• _Task instructions_:
When writing out the entries below, keep only the lines from the line with "iki 5,409 km;" to the line with "На строительство городка", both included, exactly as they are, and leave the pictures aside.

** Opening Material supplied block **

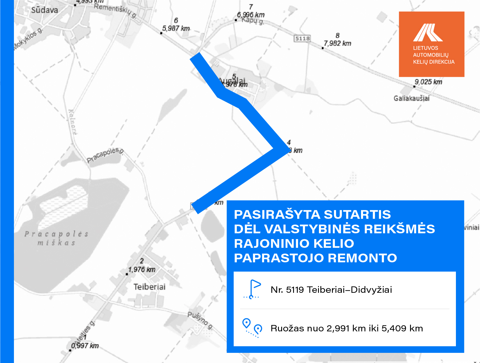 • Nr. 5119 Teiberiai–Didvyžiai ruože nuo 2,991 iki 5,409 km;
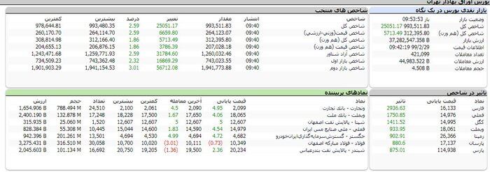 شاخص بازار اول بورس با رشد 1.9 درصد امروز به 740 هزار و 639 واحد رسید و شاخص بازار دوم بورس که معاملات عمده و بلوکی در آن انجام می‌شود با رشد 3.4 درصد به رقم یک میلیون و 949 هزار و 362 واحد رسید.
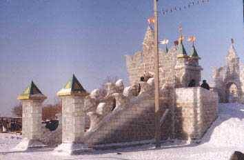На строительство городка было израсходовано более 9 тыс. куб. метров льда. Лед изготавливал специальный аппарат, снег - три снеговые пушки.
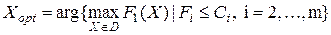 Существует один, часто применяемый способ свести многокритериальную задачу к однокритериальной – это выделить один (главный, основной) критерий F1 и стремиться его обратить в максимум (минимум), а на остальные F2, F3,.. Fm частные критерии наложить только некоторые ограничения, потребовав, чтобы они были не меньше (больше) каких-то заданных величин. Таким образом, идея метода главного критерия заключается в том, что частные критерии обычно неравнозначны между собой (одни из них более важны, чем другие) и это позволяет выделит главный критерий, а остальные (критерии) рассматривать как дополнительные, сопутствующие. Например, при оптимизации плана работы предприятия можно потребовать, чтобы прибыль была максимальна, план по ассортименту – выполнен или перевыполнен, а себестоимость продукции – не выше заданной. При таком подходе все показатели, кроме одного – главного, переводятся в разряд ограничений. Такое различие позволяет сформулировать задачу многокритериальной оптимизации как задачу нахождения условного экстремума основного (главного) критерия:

** Closing Material supplied block **
** Opening Material supplied block **

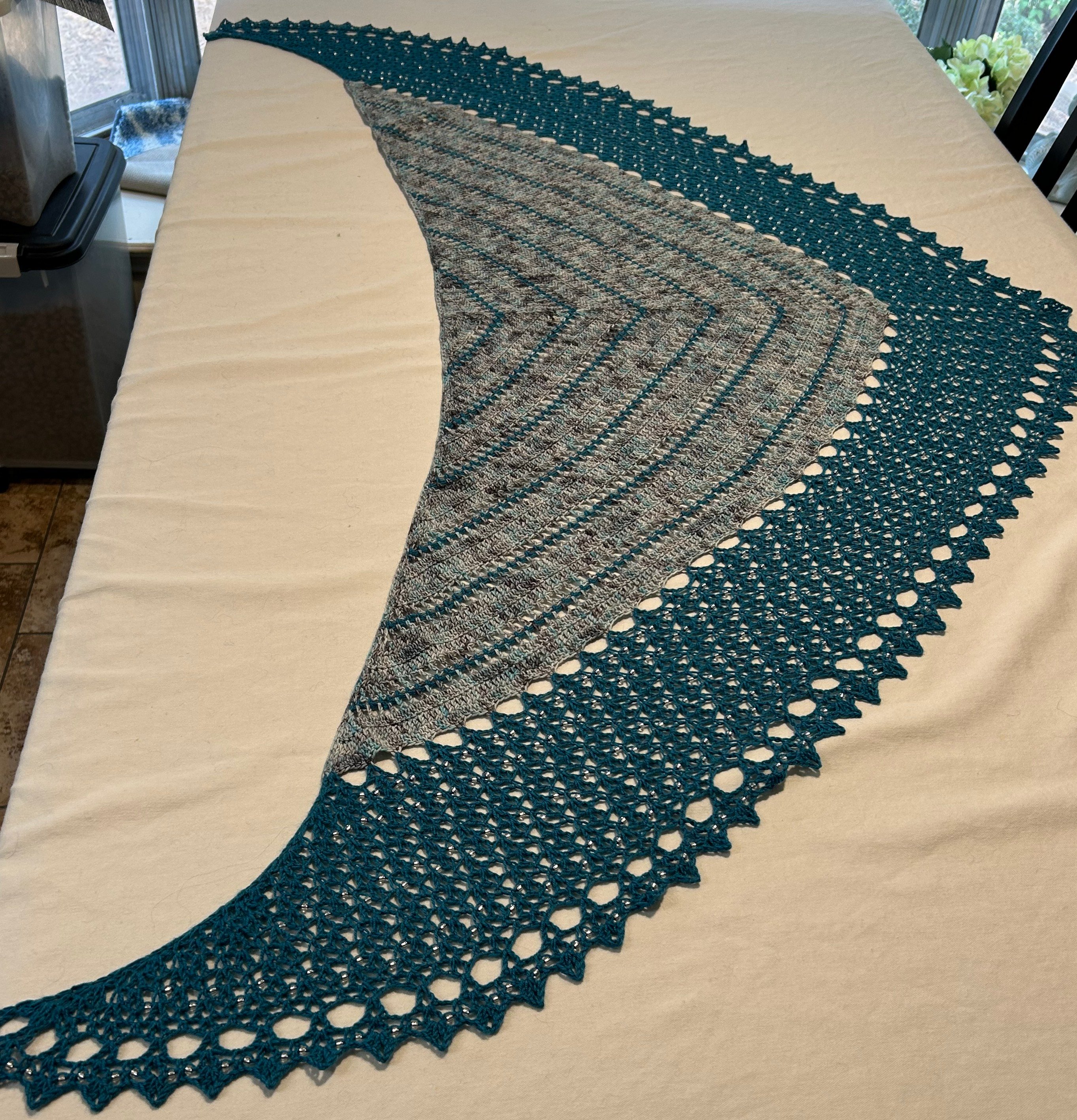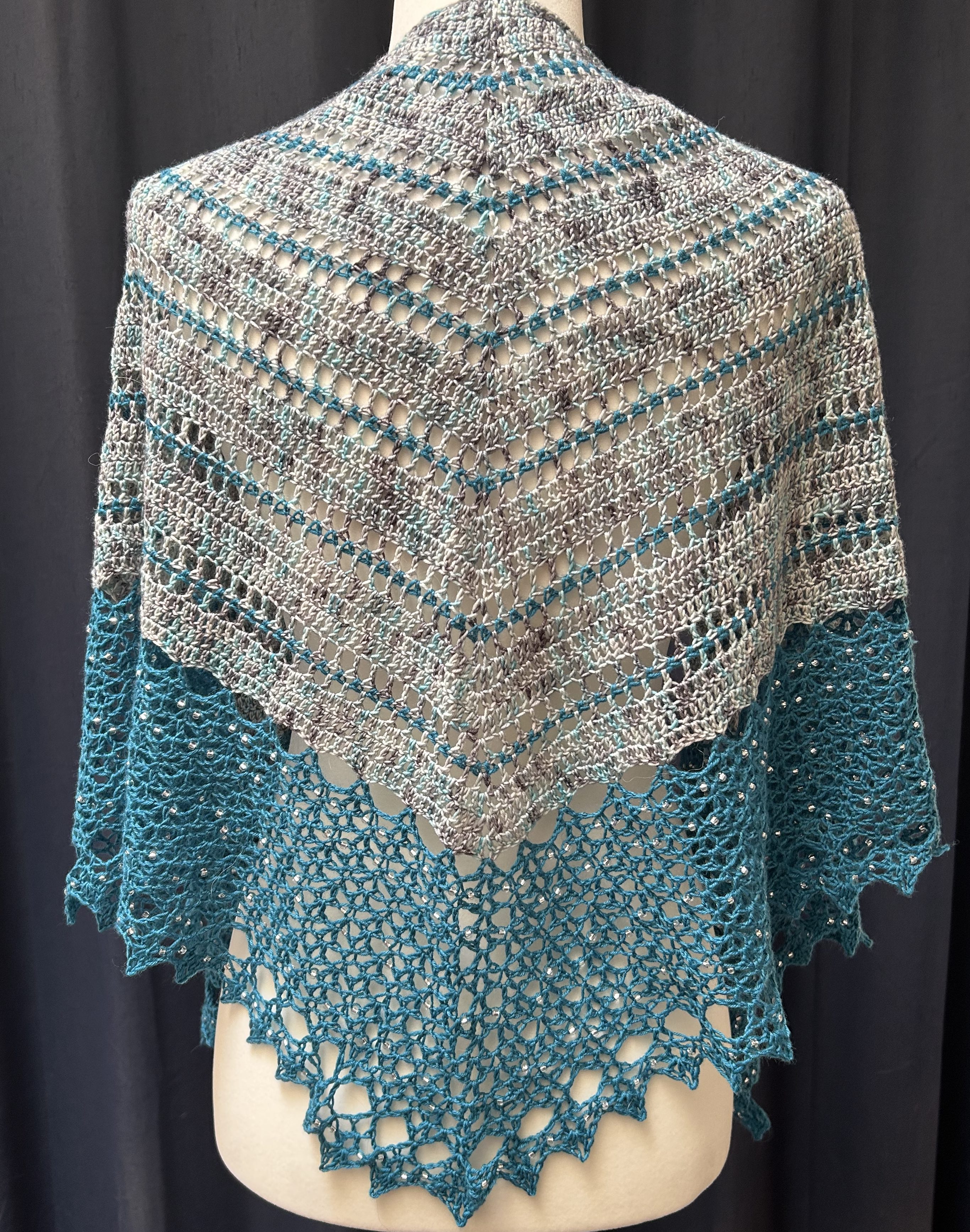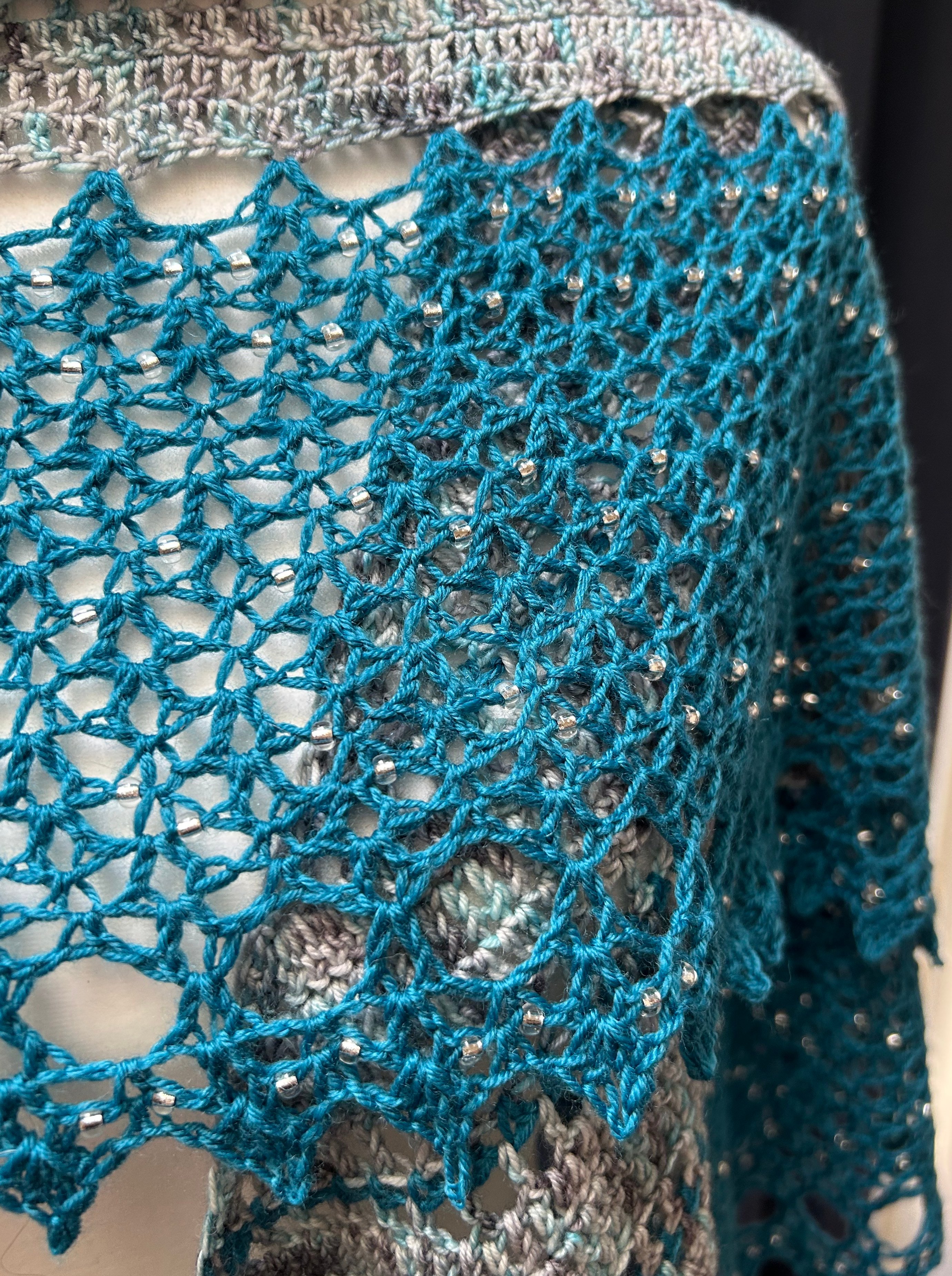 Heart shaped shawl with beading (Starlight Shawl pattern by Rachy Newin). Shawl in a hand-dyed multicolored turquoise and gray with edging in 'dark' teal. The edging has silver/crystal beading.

** Closing Material supplied block **
** Opening Material supplied block **

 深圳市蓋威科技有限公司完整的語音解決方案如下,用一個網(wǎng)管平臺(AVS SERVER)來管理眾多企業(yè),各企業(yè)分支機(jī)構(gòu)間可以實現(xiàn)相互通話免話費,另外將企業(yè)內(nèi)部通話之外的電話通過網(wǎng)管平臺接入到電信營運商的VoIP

** Closing Material supplied block **

• _Result of the exercise_:
 • Nr. 5119 Teiberiai–Didvyžiai ruože nuo 2,991 iki 5,409 km;
 شاخص بازار اول بورس با رشد 1.9 درصد امروز به 740 هزار و 639 واحد رسید و شاخص بازار دوم بورس که معاملات عمده و بلوکی در آن انجام می‌شود با رشد 3.4 درصد به رقم یک میلیون و 949 هزار و 362 واحد رسید.
На строительство городка было израсходовано более 9 тыс. куб. метров льда. Лед изготавливал специальный аппарат, снег - три снеговые пушки.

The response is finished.